Task statement. Omit all images, then repeat exactly the lines below from the one containing "Selling a collection" through the one containing "東營海通物業(yè)服務有限", both ends included.

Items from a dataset

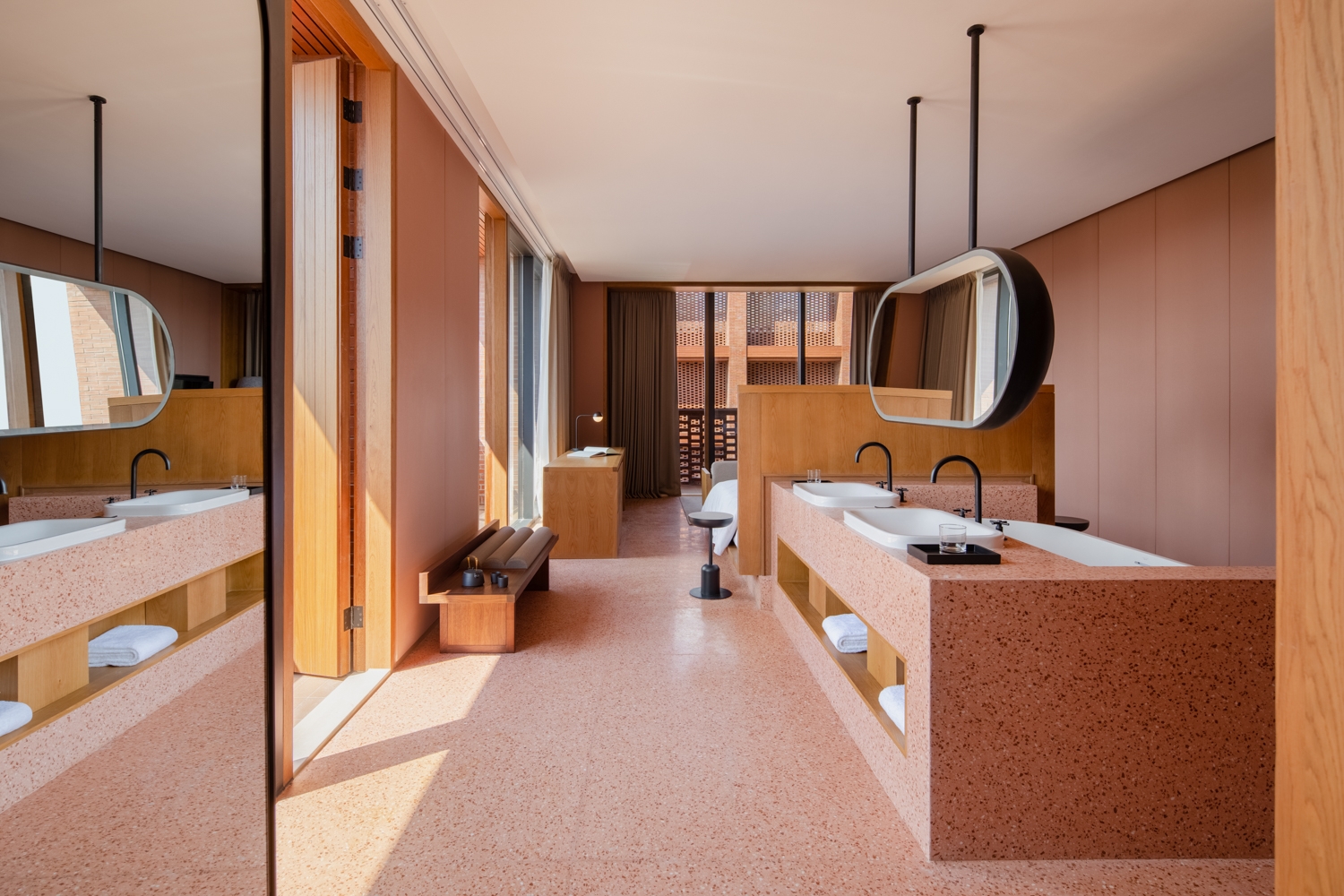 The project, named “The Road of a Fascination,” is a story of a journey: Like the long and fascinating life of porcelain, a journey toward the unknown, the unexpected, an urge to find the truth, and all the encounters in between. With this in mind, the physical spaces are divided by themes that feature the porcelain journey from China’s origin, eventually spread and influence in the broader world, and return to its native home. The different spaces are the origin (Lobby), the creation (Lounge), the discovery (Ballroom), the fascination (All Day Dining), the appreciation (SPA & Pool), and the return (Guestrooms). Each space explores and uses ceramic differently, pulling out different colors and textures. Each area is a piece of the journey.
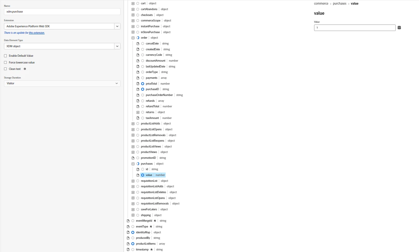 - 'priceTotal' and 'purchaseID' within the commerce field.
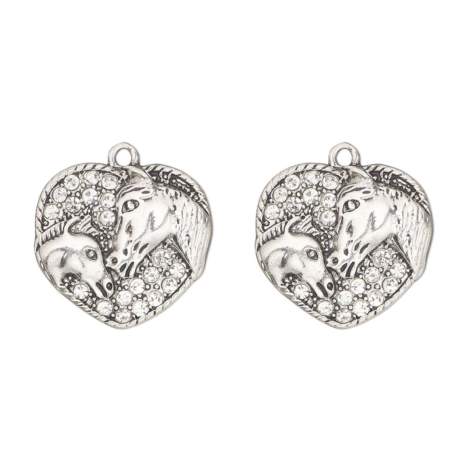 Zinc-based "pewter" horse charms personalize jewelry designs with instant style. Quality-made components are economical and great for quick resale. Add a jump ring to easily attach to charm bracelets, necklace chains, ear wires and more.
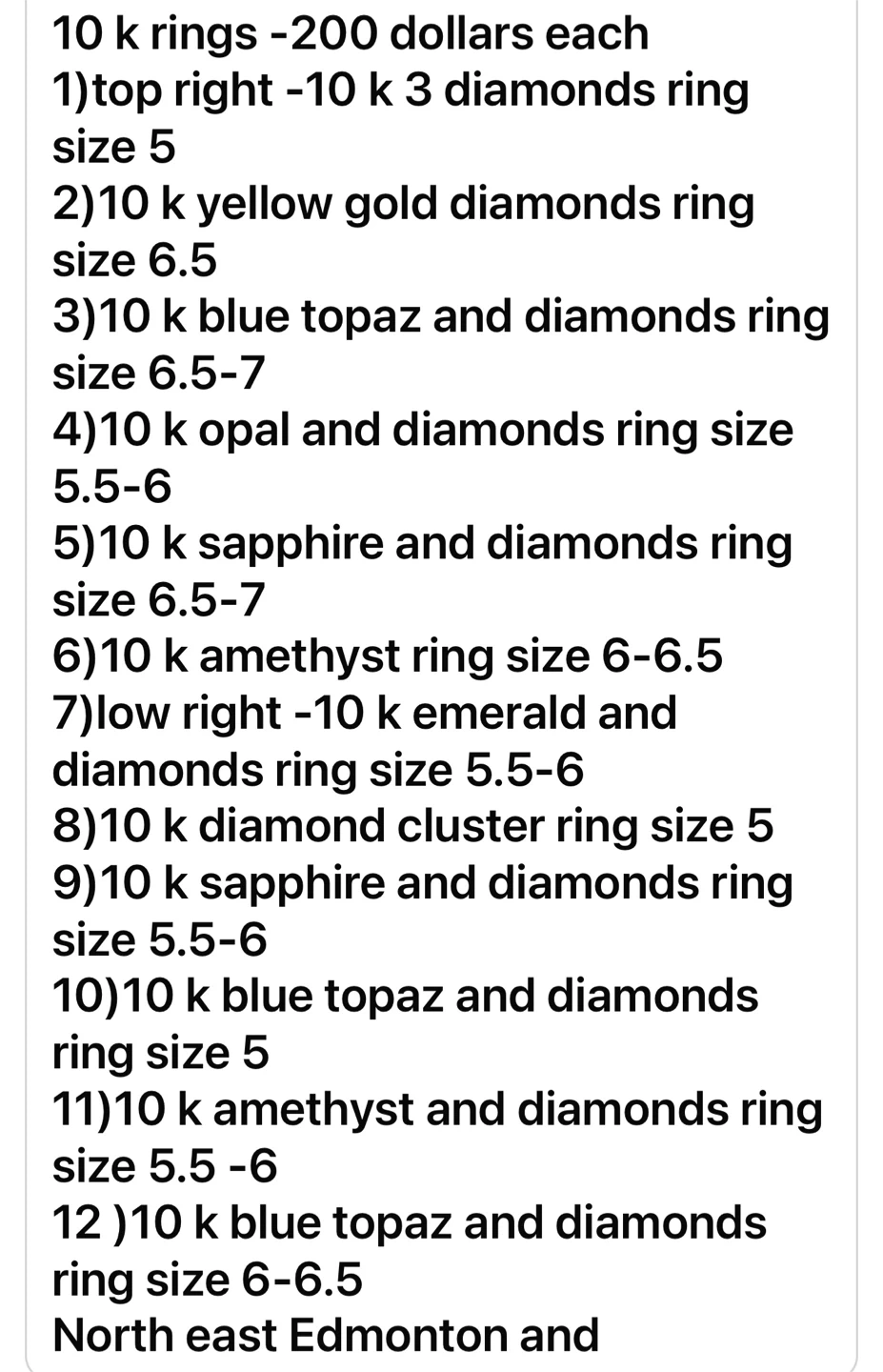 Selling a collection of 10k gold rings featuring various gemstones and diamond accents. The rings come in different sizes, ranging from 5 to 7.
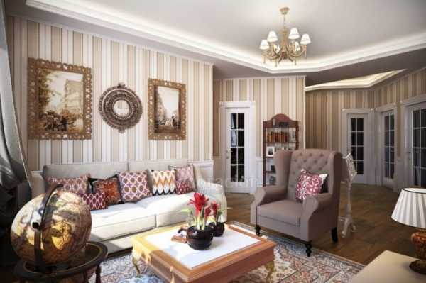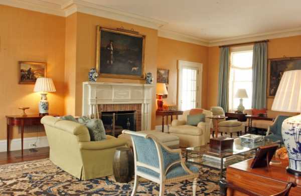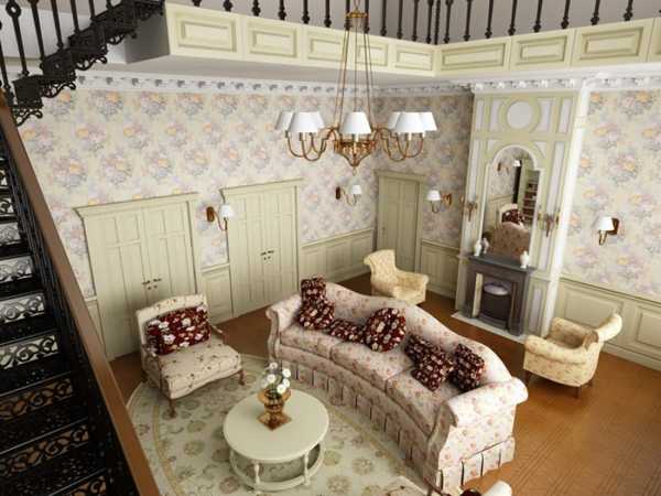 Гостиная комната коттеджа, оформленная в классическом стиле
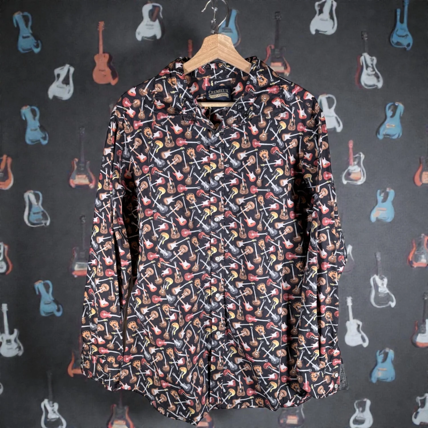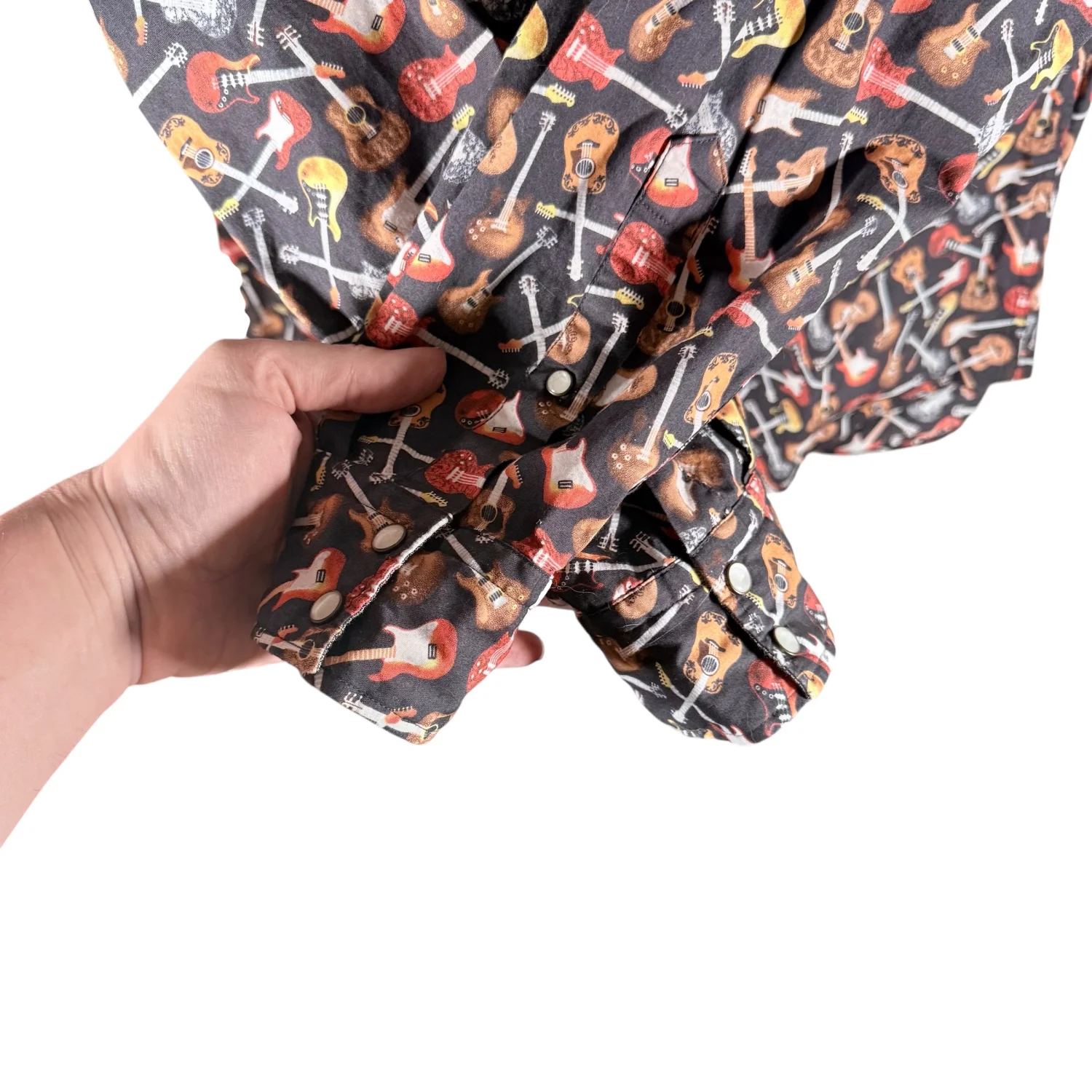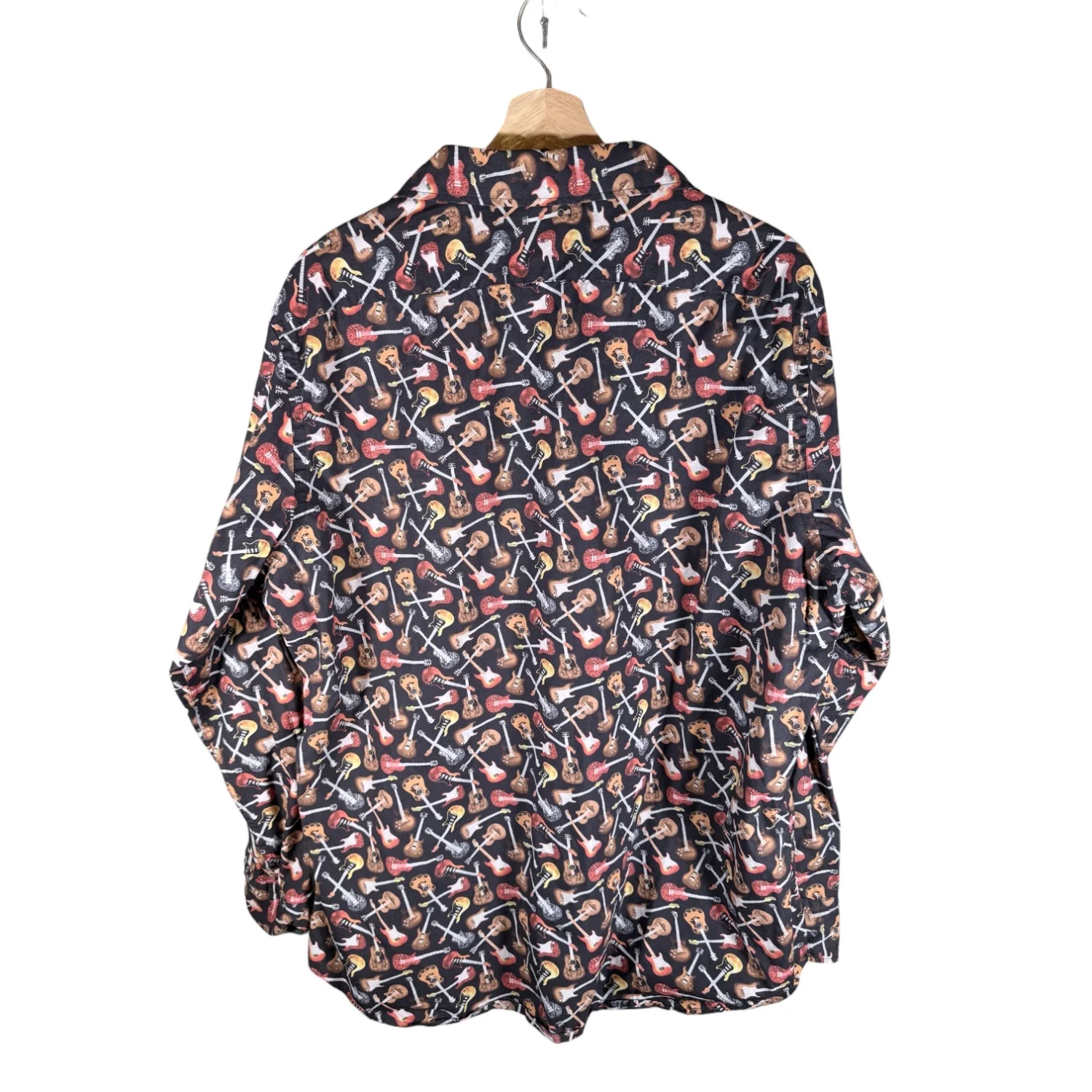 Sooo cool! This shirt features a dark blue background with all over guitar print, and pearl snaps down the front and at end of each sleeve. Excellent preowned condition. See pictures for details. Keywords: armpit to armpit 26" length 31" arm length 32" Keywords: casual, musician, rock & roll, western, cowboy, country P20260014 2
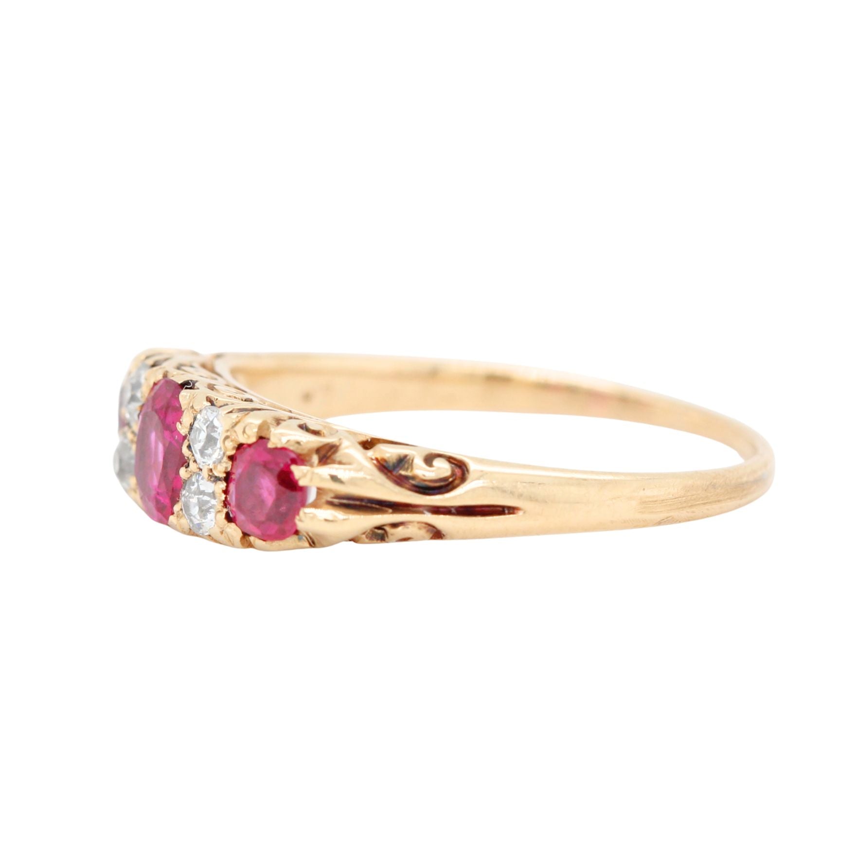 A beautiful Victorian era ring crafted in 18ct yellow gold. Featuring a rubies and old European cut diamonds, with an engraved and pierced out gallery circa 1870. Two of the rubies are Burmese and one of the side rubies is Thai but they match very well. The ring is marked C&S Co 18 inside the shank.
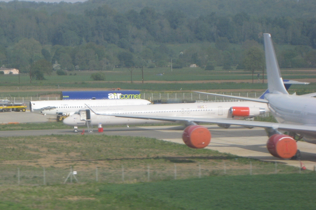 SAS MD-81 stored behind another A340.
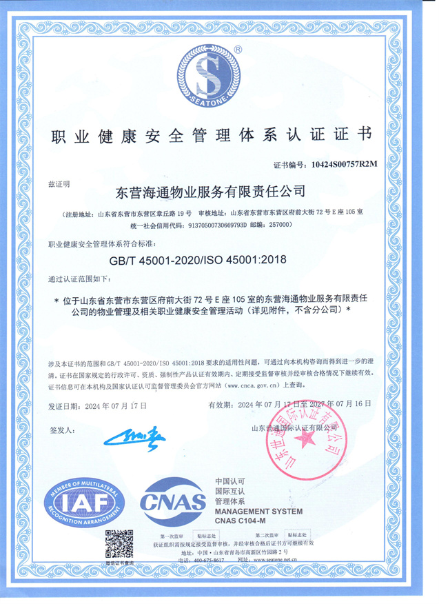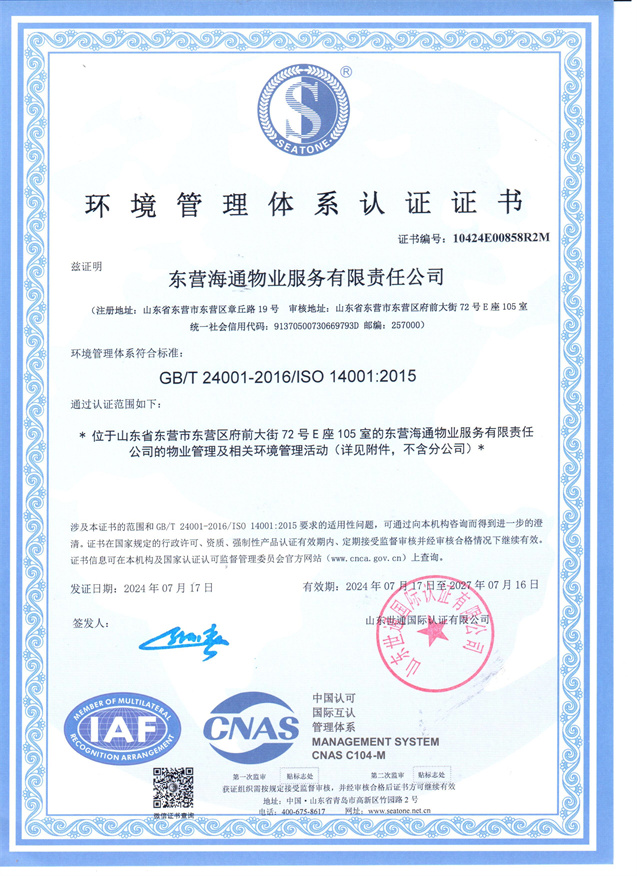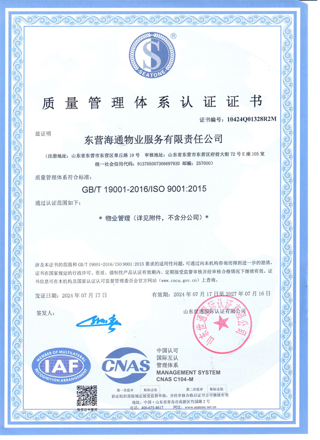 東營海通物業(yè)服務有限責任公司于2001年7月注冊成立,總部位于東營市府前大街72號海通智慧廣場,注冊資本1000萬元,是以住宅和寫字樓管理為主的專業(yè)物業(yè)管理服務商。公司現(xiàn)管理的項目覆蓋東營市各縣(區(qū))、濱州市、濰坊市、章丘市等多地域,在管項目41個,管理面積420余萬平方米,服務業(yè)戶2.7萬余戶。公司管理體系健全,管理運營規(guī)范、管理業(yè)務專業(yè),通過了第三方管理體系認證,建立了公司質(zhì)量管理體系,在行業(yè)內(nèi)先后獲得了山東省“泰山杯”獎、山東省物業(yè)行業(yè)文明創(chuàng)建標兵企業(yè)、山東省品牌建設典型示范案例、齊魯紅色物業(yè)星級服務企業(yè)等殊榮,有6個項目被評為省級、市級文明創(chuàng)建示范項目,企業(yè)在各地區(qū)域成為行業(yè)協(xié)會副會長、秘書長單位。
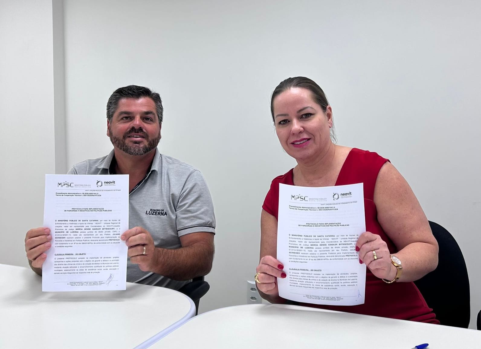 Luzerna é o primeiro município a firmar um termo de cooperação com o recém-instalado Núcleo Regional de Enfrentamento a Violências e Apoio às Vítimas (NEAVIT) de Joaçaba – órgão do Ministério Público de Santa Catarina (MPSC) que visa amparar pessoas vítimas de crimes e que tiveram seus direitos violados.
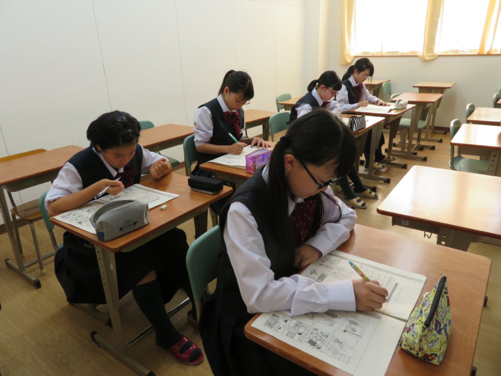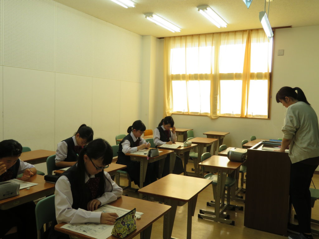 現在、放課後の時間を利用し、対策講座が行われています。それぞれの級に分かれ、リスニングの練習などを行っています。

Exercise answer.
 Selling a collection of 10k gold rings featuring various gemstones and diamond accents. The rings come in different sizes, ranging from 5 to 7.
 Гостиная комната коттеджа, оформленная в классическом стиле
 Sooo cool! This shirt features a dark blue background with all over guitar print, and pearl snaps down the front and at end of each sleeve. Excellent preowned condition. See pictures for details. Keywords: armpit to armpit 26" length 31" arm length 32" Keywords: casual, musician, rock & roll, western, cowboy, country P20260014 2
 A beautiful Victorian era ring crafted in 18ct yellow gold. Featuring a rubies and old European cut diamonds, with an engraved and pierced out gallery circa 1870. Two of the rubies are Burmese and one of the side rubies is Thai but they match very well. The ring is marked C&S Co 18 inside the shank.
 SAS MD-81 stored behind another A340.
 東營海通物業(yè)服務有限責任公司于2001年7月注冊成立,總部位于東營市府前大街72號海通智慧廣場,注冊資本1000萬元,是以住宅和寫字樓管理為主的專業(yè)物業(yè)管理服務商。公司現(xiàn)管理的項目覆蓋東營市各縣(區(qū))、濱州市、濰坊市、章丘市等多地域,在管項目41個,管理面積420余萬平方米,服務業(yè)戶2.7萬余戶。公司管理體系健全,管理運營規(guī)范、管理業(yè)務專業(yè),通過了第三方管理體系認證,建立了公司質(zhì)量管理體系,在行業(yè)內(nèi)先后獲得了山東省“泰山杯”獎、山東省物業(yè)行業(yè)文明創(chuàng)建標兵企業(yè)、山東省品牌建設典型示范案例、齊魯紅色物業(yè)星級服務企業(yè)等殊榮,有6個項目被評為省級、市級文明創(chuàng)建示范項目,企業(yè)在各地區(qū)域成為行業(yè)協(xié)會副會長、秘書長單位。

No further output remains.